Certainly not all of the stories about Carema were correct – and KKR was keen to stress that when PEI asked about the investment at the time. “Since we have invested in Carema, we have never taken one cent out of the company; there have never been any dividends, all the revenues have been reinvested,” Henrik Kraft, leading KKR’s operations in the Nordics, told PEI in 2013. A Triton spokesperson told PEI at the same time: “There were a few instances where Carema didn't live up to quality standards, something for which both owners and company publically have apologised for.”
Nevertheless, the damage was done. During last year’s election campaign in Sweden, left wing politicians called for a ban on all private investments in welfare sectors. There’s currently an investigation into whether such a ban should indeed be imposed, but the results of this inquiry won’t be published until 2016.
This has led to huge uncertainty for GPs in Sweden, including EQT which owns the largest private school in the country. Because of the inquiry it is impossible to value the business, Thomas von Koch, EQT’s managing partner told PEI last November. “The effect of the investigation is that every bank is calling their clients invested in these [welfare sector] companies saying: just so you know, your credit facility will run out in six months’ time. The investigation is a decision by itself.”

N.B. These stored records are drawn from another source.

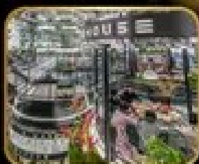
ภัตตาคาร เริ่มต้น WAREHOUSE NO.3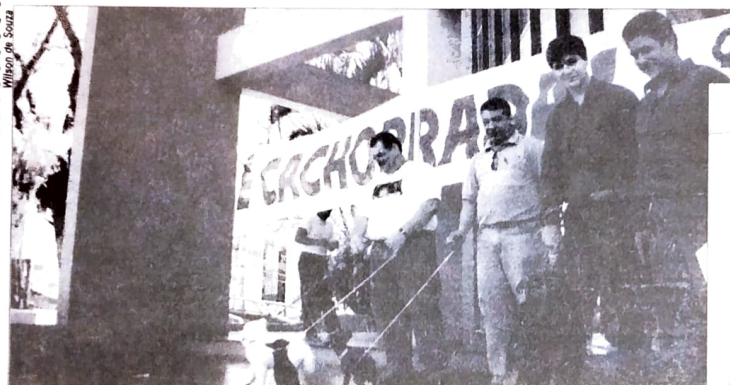
CACHORRADA - Com esse tema os sindicatos do Pactu se manifestaram nas agências do HSBC, no último dia 17/09, mostrando, através de panfletos e carro de som, o desrespeito dos banqueiros aos clientes e usuários (filas, mau atendimento...) e aos bancários (metas pesadas, não reposição da inflação nos salários, etc.). FOTOS: acima na agência de Umarama e ao lado em Campo Mourão.

Os sindicatos do Pactu também mostraram organização e paralisaram várias agências bancárias nos últimos dias, com boa participação da categoria, conforme mostram as fotos abaixo e na página ao lado.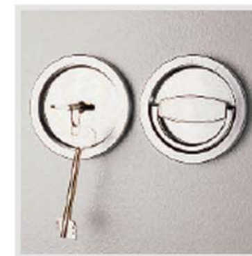
Cerradura de caja fuerte WITKOPP testada A2P grado A. Se suministra con 2 llaves.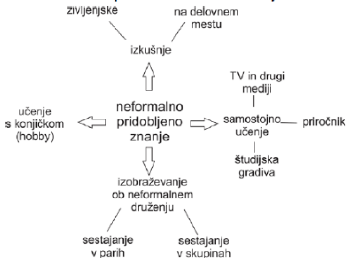
Slika 1: Kako lahko pridobimo neformalna znanja:

Z nacionalno poklicno kvalifikacijo posameznik tako dokazuje usposobljenost za opravljanje določenega poklica.

So you can see why GPs in Sweden are keen to restore trust in private ownership – and have hence launched this Code. There is no doubt that reputational issues can be very damaging – and suspicion about private equity can also hurt deal flow. Much of the Code therefore addresses the need for transparency and engagement with stakeholders. The Code orders GPs for instance to have a website containing contact information and details about the ownership structure of the firm. Queries from both the media and the public should get a prompt response. The Code also urges GPs to behave responsibly when it comes to their tax affairs by not actively avoiding tax.
The latter point however immediately illustrates the biggest problem of the Code: it doesn’t have any enforcing powers. Complaints can be made – by anyone – to a three-person supervisory board set up under the SVCA's auspices, which will assess whether GPs have acted as responsible owners. The board can also issue warnings to GPs, or in extreme cases recommend that the firm should be expelled from the association, a final decision of which would be decided by the board of the SVCA.
Also, because the Code is there to prevent bad ownership behaviour, assessing its results will be very difficult. If the Swedish public in a few years’ time doesn’t feel that the Code has done anything meaningful, then it will be easy to dismiss it as a lame duck, or label it a gimmick.
It’s also worth keeping in mind that there are still GPs in many markets refusing to talk to journalists or other stakeholders about investments in businesses that play a significant role in society. That code of silence will do little to dispel suspicions.
So the release of the Code should be applauded, even if its impact remains hard to predict. The fact that GPs have recognised the need to be more transparent about how they bring value to Swedish businesses – and not to flinch from the unexpected and unwelcome – is something the industry as a whole should acknowledge and emulate. Let's see GPs walk the walk.